For most of us, “The Cloud” is an
intangible, mystical, infinite place. Most of us don't see the
underbelly or experience the internet as objects. These different
objects are described in a bunch of mixed abstract metaphors that
reference the landscape and yet deny any relation the physical
relationship between the earth and the internet. The gap between the
physical reality of the Cloud, and what we can see of it, between the
idea of the cloud and the name that we give it was both disturbing and
intriguing. At the data centers, I’ve found cement, metal gates, water
tanks, stone, grasshoppers, sagebrush and sunburns. Inside smashed
electronics I’ve found a complex assemblage of conductive materials,
silicon, rare-earth minerals and sharpied handwriting from the
factory. I read about the rows and rows of blinking servers that hold
the contents of our overflowing devices. I learned about the millions of
gallons of mostly potable water required to cool the machines each day.

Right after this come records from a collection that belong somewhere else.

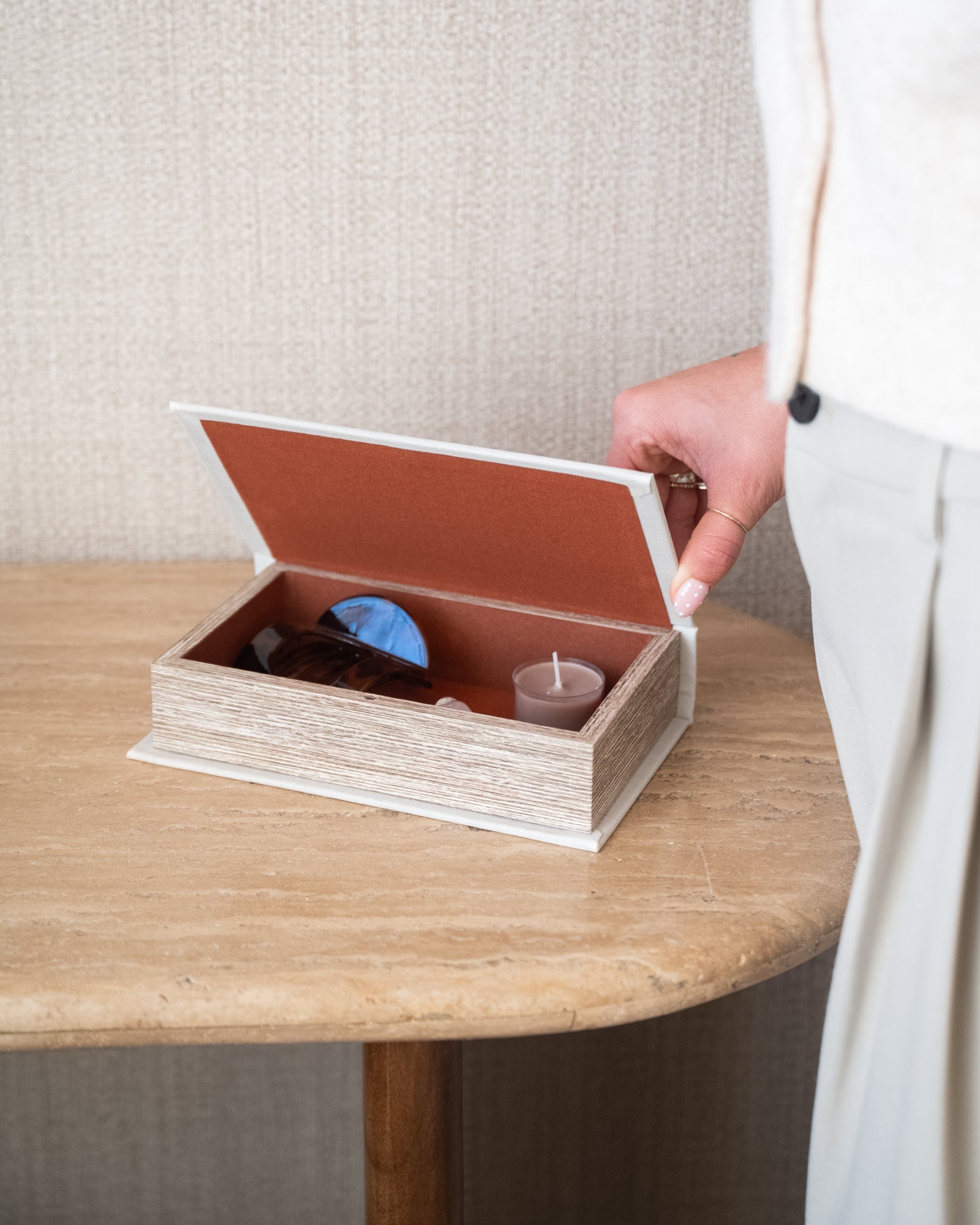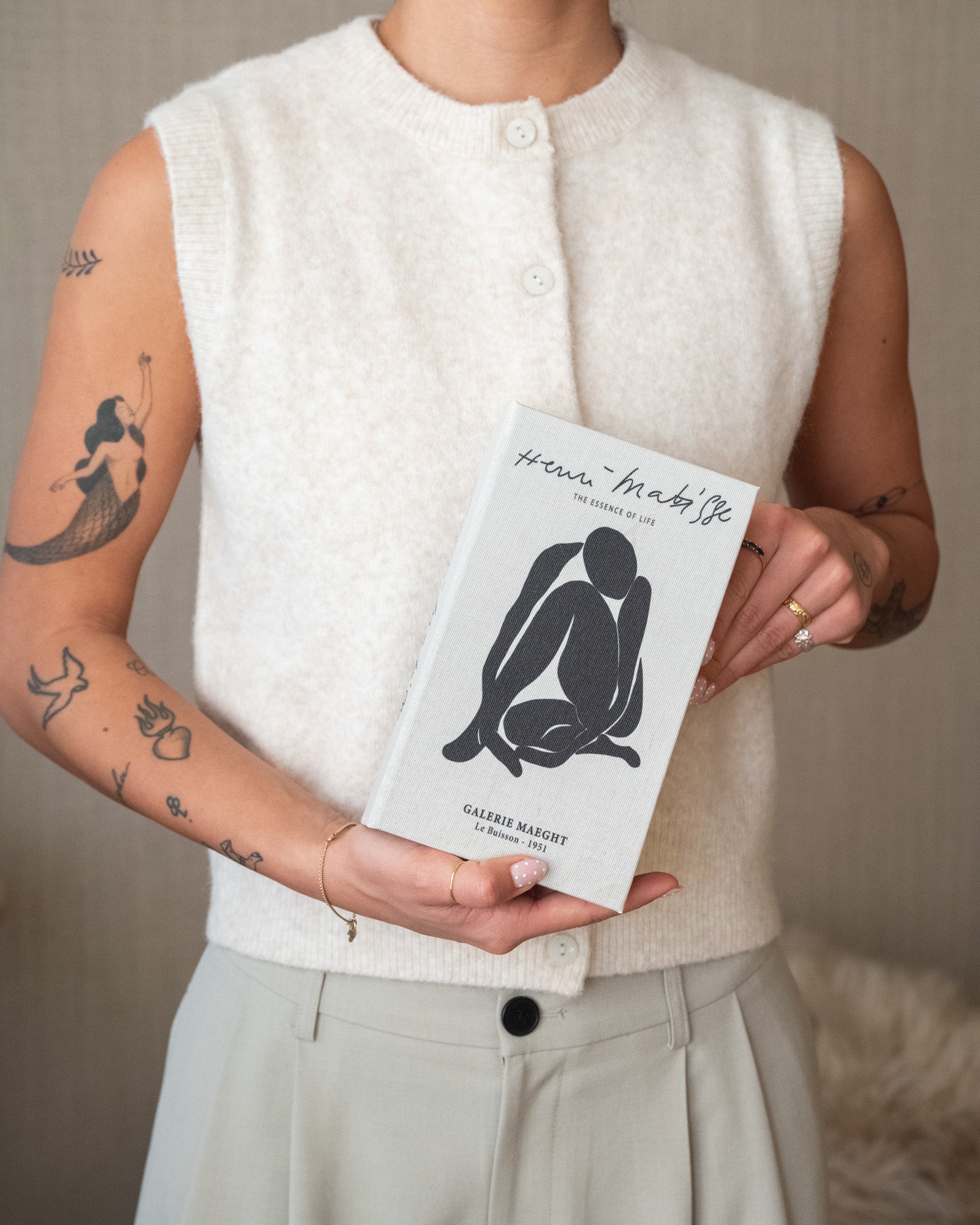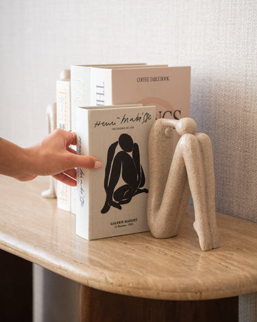 The Henri Matisse Storage Book is a decorative book-shaped storage box inspired by the work of Henri Matisse. The soft off-white hue and graphic illustration create a timeless, artistic look. Perfect for storing small items, it also adds a stylish touch to a shelf, sideboard, or coffee table.
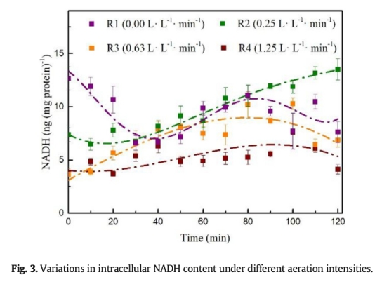 ? 數(shù)據(jù):R2的NADH積累速率(0.061 ng/(mg Pro·min))顯著高于R3(0.016)、R4(0.013)。
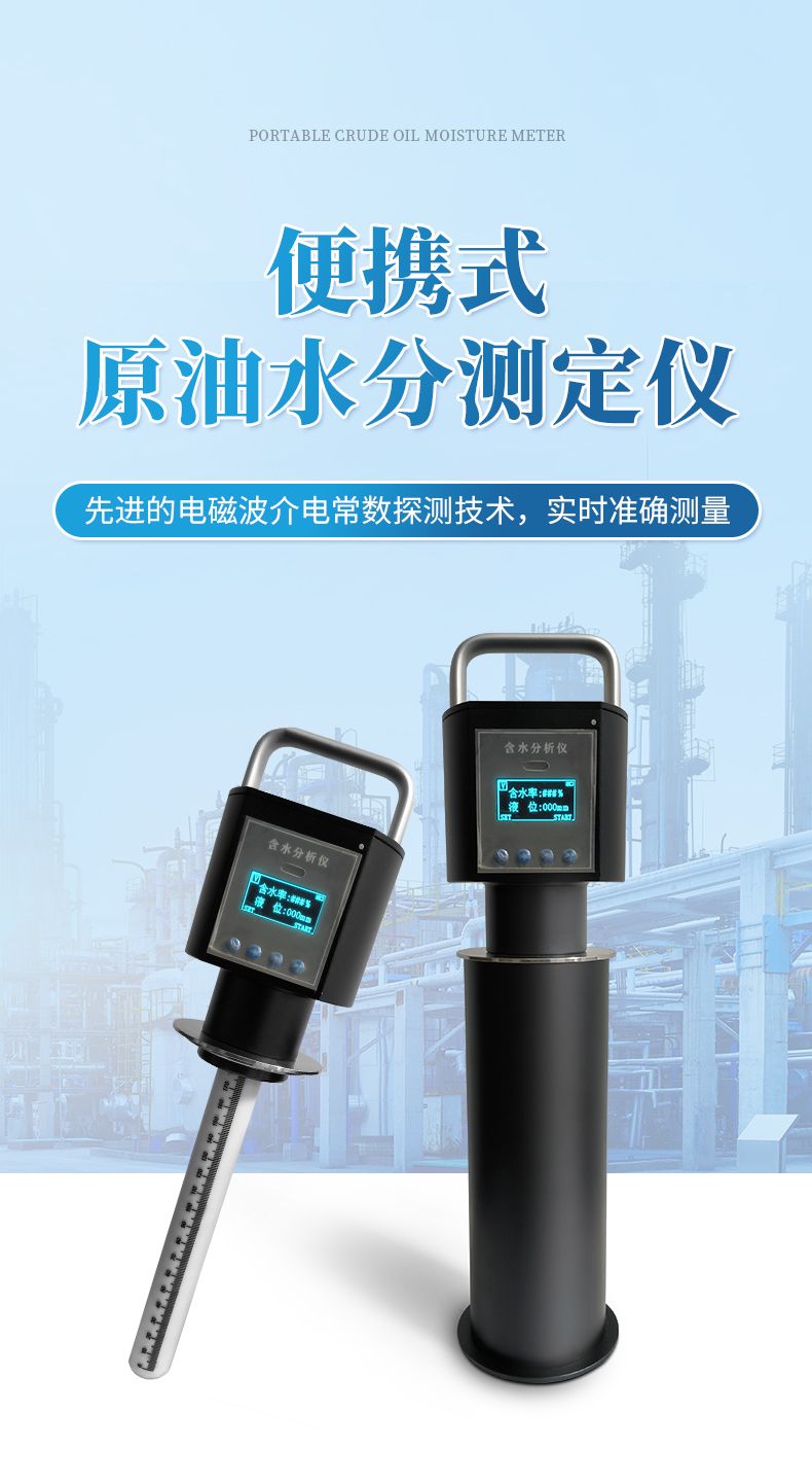 便携式原油含水测定仪采用了先进的电磁波介电常数探测技术及德国专用芯片,使该仪表具有智能化、小型化的特点。实现了原油含水率实时准确测量,打破了外国公司对该产品的技术和价格垄断。该产品专门针对我国原油粘稠度高、高含水、高含蜡的特点设计独特的探测头和分体结构,采用了各项工艺措施,完全适应我国各大油田的原油含水率的化验测量。传感器探头采用 3特氟龙材料制作,耐高温、酸、碱、硫化气体的腐蚀,不易结垢、结蜡,从而保证了仪表测量数据的准确性和稳定性,可广泛使用于我国各大油田的化验室。

A dry scratching like sandpaper on my skin each time I remembered the
rainless winters, and the long, smoky summers.
It was at the
very edge of the continent that the internet emerged, the edge of
westward expansion. The insatiable hunger for space extended into
cyberspace. But that cyberspace requires physical space all around the
world. This pattern of land use, on such a massive scale, adheres to the
American West's signature mythology; endless horizons, unlimited
opportunity and boundless freedom.
I collected data at these
sites and along fiber optic pathways in the form of soil, clay, native,
non-native plants and rocks. The information inside the giant secured
warehouses seemed oblivious to the knowledge of the earth and stone they
were built upon.
I felt the buzz of the electricity of the high
tension wires above the fields where I gleaned the plants, thanking each
and taking only a handful from a few, the way I was taught. I engaged
with the cardinal directions, the sun, the stars and cell towers
building sundials and marking shadows with stones to orient myself
within the landscape, present time and the cosmos at large. I listened
to the sound of the train as it moved and changed across the hills.
Knocking metal on metal, there was a deeper sound, one I recognized in
my bones to be the knocking of ancient ways of knowing out of the land.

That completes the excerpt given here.